__Work instructions__.
Look through the material below and copy exactly the lines from the line with "普通厂房二层以上普通层高不足" to the line with "#344 - Lot of", those two lines included.

BEGIN Data shown

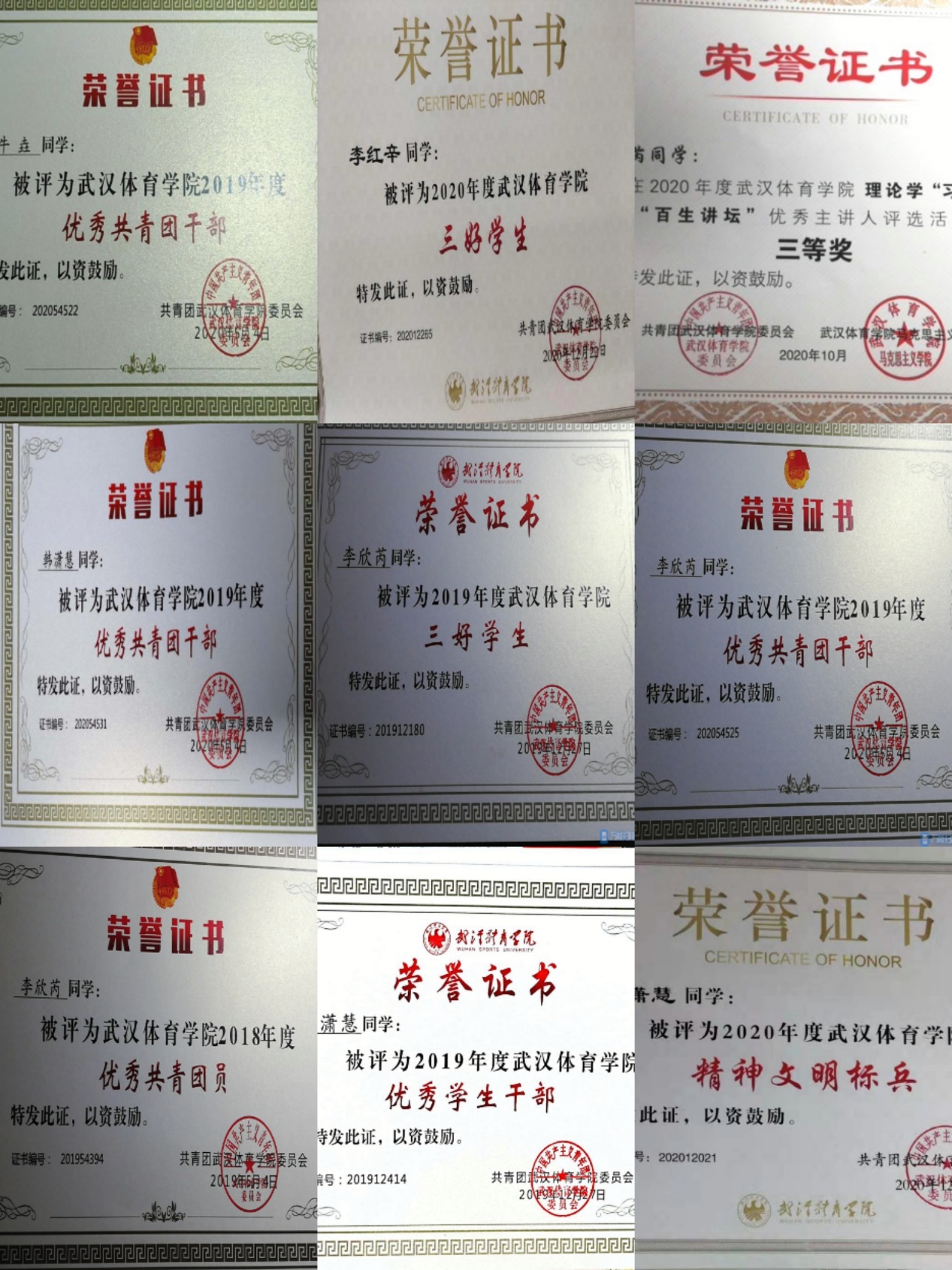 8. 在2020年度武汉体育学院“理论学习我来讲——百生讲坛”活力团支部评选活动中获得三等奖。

END Data shown
BEGIN Data shown

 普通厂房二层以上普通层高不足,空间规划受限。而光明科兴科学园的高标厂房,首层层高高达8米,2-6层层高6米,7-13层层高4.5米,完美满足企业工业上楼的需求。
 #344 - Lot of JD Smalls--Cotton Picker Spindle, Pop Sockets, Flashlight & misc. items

END Data shown
BEGIN Data shown

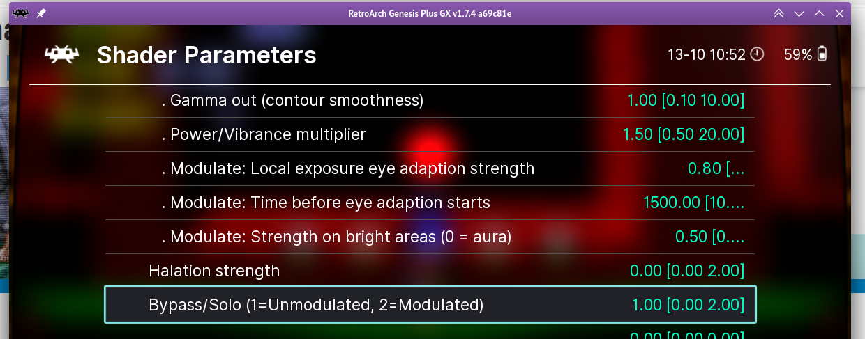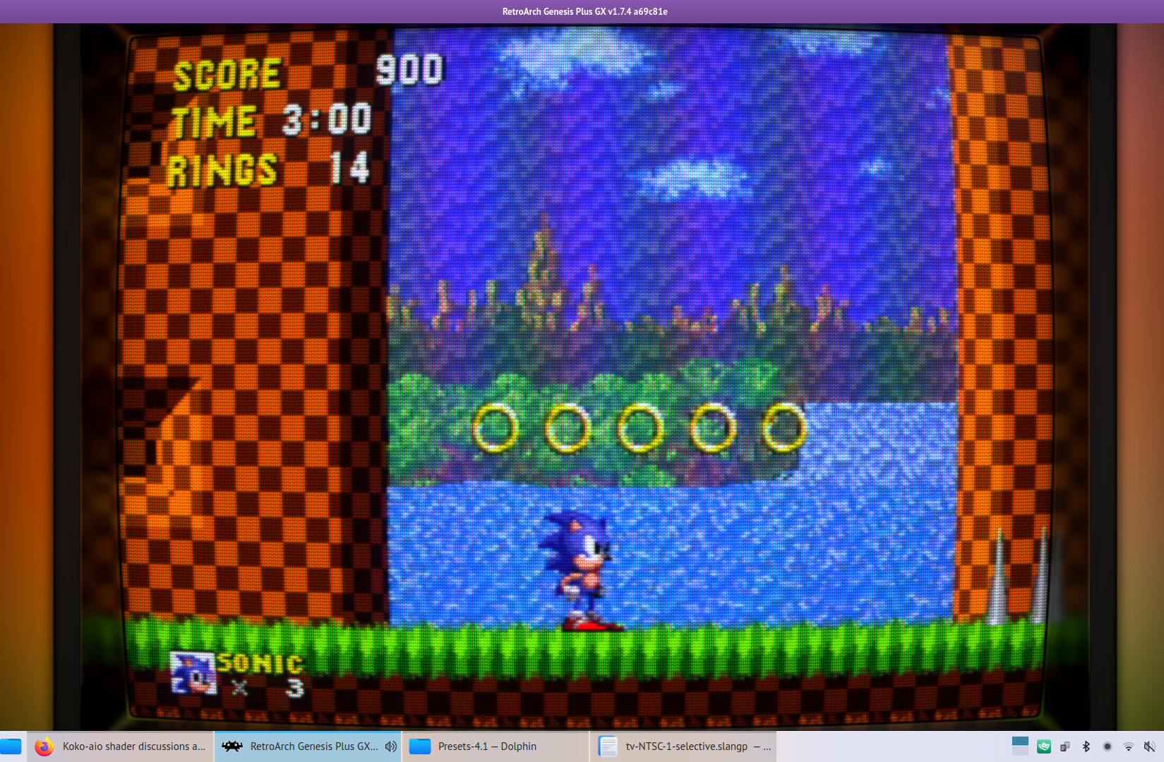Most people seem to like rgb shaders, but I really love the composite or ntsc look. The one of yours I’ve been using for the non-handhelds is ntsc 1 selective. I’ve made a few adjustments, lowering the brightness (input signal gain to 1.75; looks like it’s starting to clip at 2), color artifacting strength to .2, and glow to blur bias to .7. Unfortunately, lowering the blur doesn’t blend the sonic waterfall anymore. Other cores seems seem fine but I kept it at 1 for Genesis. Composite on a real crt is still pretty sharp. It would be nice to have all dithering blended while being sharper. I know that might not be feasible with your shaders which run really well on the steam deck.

END Data shown

__Your solution__.
 普通厂房二层以上普通层高不足,空间规划受限。而光明科兴科学园的高标厂房,首层层高高达8米,2-6层层高6米,7-13层层高4.5米,完美满足企业工业上楼的需求。
 #344 - Lot of JD Smalls--Cotton Picker Spindle, Pop Sockets, Flashlight & misc. items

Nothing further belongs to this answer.